● Work request
Could you give the data below again exactly, apart from the pictures?

● Information supplied
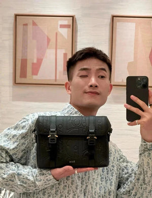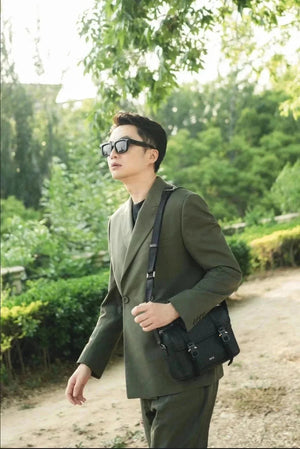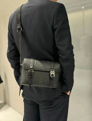 Upper Body Picture This Messenger Bag Is a New Product from 2024 Fall Men's Clothing Series, with Flip, Hit the Road Series. Gravity Printing Effect Leather Uses Embossing Technology to Exquisitely Present the Classic Pattern on the Black Cow Leather with Flip Strap and Two Nylon Jacquard Streamers. the Spacious Compartment Can Store All Kinds of Daily Necessities and Also Has Adjustable Shoulder Straps. The Style Is Practical and Can Be Matched with Casual Clothes to Create Exquisite Shapes.
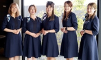 スカーフポケット付/後ろファスナー/六分袖/袖折り返し可/左胸ポケット/右腰ポケット/名札ポケット
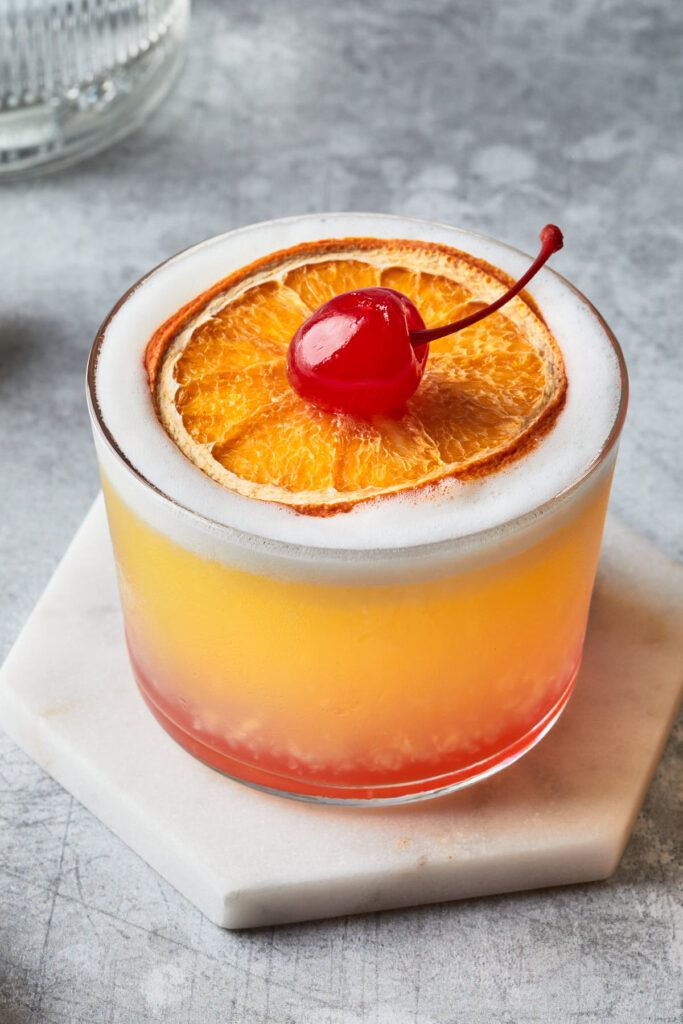 The pineapple upside-down drink captures the dessert’s sweet pineapple flavor, the wealth of vanilla or cake-like recommendations (depending on your choice of spirits), and the striking visual of shining rosy cherry juice sinking to the foot of the glass—mimicking the “upside down” impact.

● Output of the task
 Upper Body Picture This Messenger Bag Is a New Product from 2024 Fall Men's Clothing Series, with Flip, Hit the Road Series. Gravity Printing Effect Leather Uses Embossing Technology to Exquisitely Present the Classic Pattern on the Black Cow Leather with Flip Strap and Two Nylon Jacquard Streamers. the Spacious Compartment Can Store All Kinds of Daily Necessities and Also Has Adjustable Shoulder Straps. The Style Is Practical and Can Be Matched with Casual Clothes to Create Exquisite Shapes.
 スカーフポケット付/後ろファスナー/六分袖/袖折り返し可/左胸ポケット/右腰ポケット/名札ポケット
 The pineapple upside-down drink captures the dessert’s sweet pineapple flavor, the wealth of vanilla or cake-like recommendations (depending on your choice of spirits), and the striking visual of shining rosy cherry juice sinking to the foot of the glass—mimicking the “upside down” impact.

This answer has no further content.